Sans adjectif épithète et introduit par l’article défini, le mot « renaissance » nous évoque en premier lieu la réapparition de certains sujets antiques et un renouveau de la pensée sous l’inspiration de l’Antiquité. Mais que penser de la réapparition des sujets médiévaux, que penser d’une renaissance post-romantique ? Qu’est-ce qui a motivé ces artistes, les préraphaélites, et pourquoi, à s’inspirer des légendes arthuriennes ? Il nous est d’autant plus difficile de répondre à ces questions que, lecteurs et spectateurs de ce début de siècle, nous nous sentons un peu déroutés parmi une multitude de renaissances nostalgiques représentées le plus souvent par des romans et des films d’évasion de faible qualité.

Les renaissances antiques ont toujours la même raison : un besoin impérieux de « restaurer » les valeurs classiques, donc stables et fiables dans un monde ressenti comme bouleversé et corrompu.
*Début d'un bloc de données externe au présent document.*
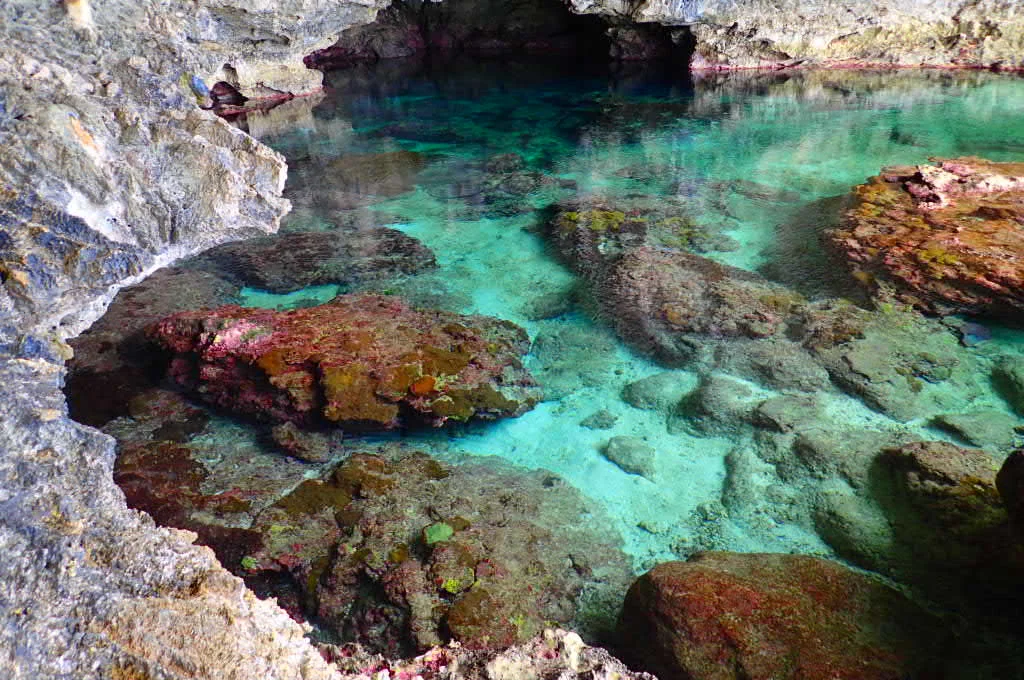 Many of the pools and chasms around Niue have fresh water in them. This is rain water filtered through the limestone rock. Luckily, this filtration system keeps the surrounding waters free from dirty runoff and debris, but it does have a sort of blurry effect.

Par contre, la renaissance des sujets médiévaux reste toujours mystérieuse. Dans la pensée des préraphaélites ainsi que dans leur activité artistique, ce n’est pas une simple irruption de l’irréalité ou de l’irrationalité dans la vie de tous les jours, mais, à l’aide des anciennes légendes britanniques et bretonnes, l’artiste et son public participent à une aventure d’inspiration esthétique dont le but est d’« instaurer » le pouvoir de la beauté dans la société, dans le monde du travail et dans les rapports humains. Il s’agit donc d’une révolte pieuse contre les fausses valeurs de l’ère victorienne, contre une forme de vie mensongère et morne.

Ce qui donne de l’importance aux préraphaélites, précurseurs de l’Art nouveau, c’est que leur mouvement a exercé et exerce toujours une influence non seulement sur la culture anglo-saxonne, mais aussi sur toute la culture européenne, y compris les réadaptations spectaculaires, assistées par ordinateur, de vieilles productions de cape et d’épée – une nostalgie irrésistible de l’aventure et de l’envoûtement.

Chose curieuse : le romantisme français ne porte que très peu d’intérêt aux idéaux du Moyen Âge. La seule exception, c’est Victor Hugo qui choisit un cadre médiéval pour son roman Notre-Dame de Paris (1832). Par contre, le romantisme anglais ne cesse d’évoquer l’esprit du Moyen Âge à travers les siècles. Déjà, l’Ossian de Macpherson (1760) et les ballades recueillies par Th. Percy (1765) satisfont aux mêmes besoins intellectuels. Wordsworth écrit un poème sur Galaad (1798). Le grand poète de l’ère victorienne, Tennyson, rassemble tous les épisodes importants du cycle arthurien dans ses Idylles du roi (entre 1859 et 1885), recueil dont les motifs principaux se retrouvent dans la Défense de Guenièvre, poème de son contemporain, le préraphaélite W. Morris (1858).

Pourtant, il y a une grande différence entre le ton didactique des Idylles du roi et le monde qui se reflète dans la Défense de Guenièvre

où la reine devient le symbole de la révolte artistique des préraphaélites contre le puritanisme victorien ; et la question se pose tout de suite de savoir quel était le rôle que pouvaient jouer les légendes arthuriennes dans cette révolte à la fois esthétique et humaniste, révolte qui a fait de la beauté un principe moral.